Auf den Inseln befinden sich die Überreste von zwischen 1.200
und 1.500 n. Chr. errichteten Palästen, Tempeln, Grab- und
Wohnstätten aus Stein. Nan Madol war das zeremonielle Zentrum
der Dynastie der Saudeleur, einer von Aufbruch geprägten Zeit
in der pazifischen Inselkultur. Die monumentalen Ausmaße
der Gebäude, die technische Komplexität und die Vielzahl
an megalithischen Strukturen zeugen von hochentwickelten sozialen
und religiösen Bräuchen der damaligen Inselgesellschaften.
Aufgrund des aktuellen Erhaltungszustands wurde die Stätte
unmittelbar in die Liste des gefährdeten Welterbes aufgenommen.
Spanien: Dolmenstätten von Antequera
Die im Herzen Andalusiens gelegene Stätte umfasst drei Megalith-Monumente – den
Dolmen de Menga, den Dolmen de Viera und den Tholos von El Romeral – sowie
zwei Naturdenkmäler – den Berg Peña de los Enamorados
und den Gebirgsstock El Torcal. Diese bilden die visuellen Bezugspunkte
innerhalb der Kulturstätte. Die während der Neusteinzeit
und Bronzezeit mit großen Steinblöcken errichteten Monumente
bilden Kammern und Räume, die mit Türstürzen oder
falschen Kuppeln bedeckt sind. Die drei Grabstätten gehören
zu den herausragendsten Bauwerken der europäischen Vorgeschichte.
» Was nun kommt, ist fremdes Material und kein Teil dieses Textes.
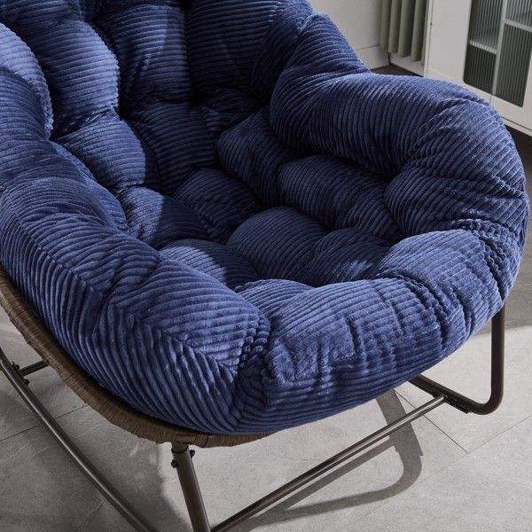 Navy Blue Outdoor Rattan Rocking Chair with Padded Cushion for Porch Living Room Patio Garden

Das Ensemble ist eines der bedeutendsten Beispiele der megalithischen
Architektur in Europa.
Hügelgrab der Bronzezeit (ca. 2500 v. Chr.) bei Antequera
(Spanien). Foto: Wikimedia Commons/Manfred Werner (Tsui, CC BY-SA
3.0)
Türkei: Archäologische Stätte
von Ani
Die Stätte liegt im Nordosten der Türkei auf einer abgelegenen
Hochebene über einer Schlucht, welche die natürliche
Grenze zu Armenien bildet. Mit ihrer Verbindung von Wohnanlagen
mit religiösen und militärischen Strukturen ist sie kennzeichnend
für einen mittelalterlichen Städtebau, der im Verlauf
der Jahrhunderte von christlichen und anschließend muslimischen
Dynastien geprägt war. Die Blütezeit der Stadt lag zwischen
dem zehnten und elften Jahrhundert n. Chr., als sie Hauptstadt
des mittelalterlichen armenischen Königreichs der Bagratiden
wurde und ihr Reichtum auf der Kontrolle des Handels entlang eines
Abschnitts der Seidenstraße gründete. Später behielt
die Stadt auch unter der byzantinischen, seldschukischen und georgischen
Herrschaft ihren Status als wichtige Drehscheibe für Handelskarawanen.
Der Einfall der Mongolen und ein zerstörerisches Erdbeben
im Jahr 1319 stellten den Beginn des Niedergangs der Stadt dar.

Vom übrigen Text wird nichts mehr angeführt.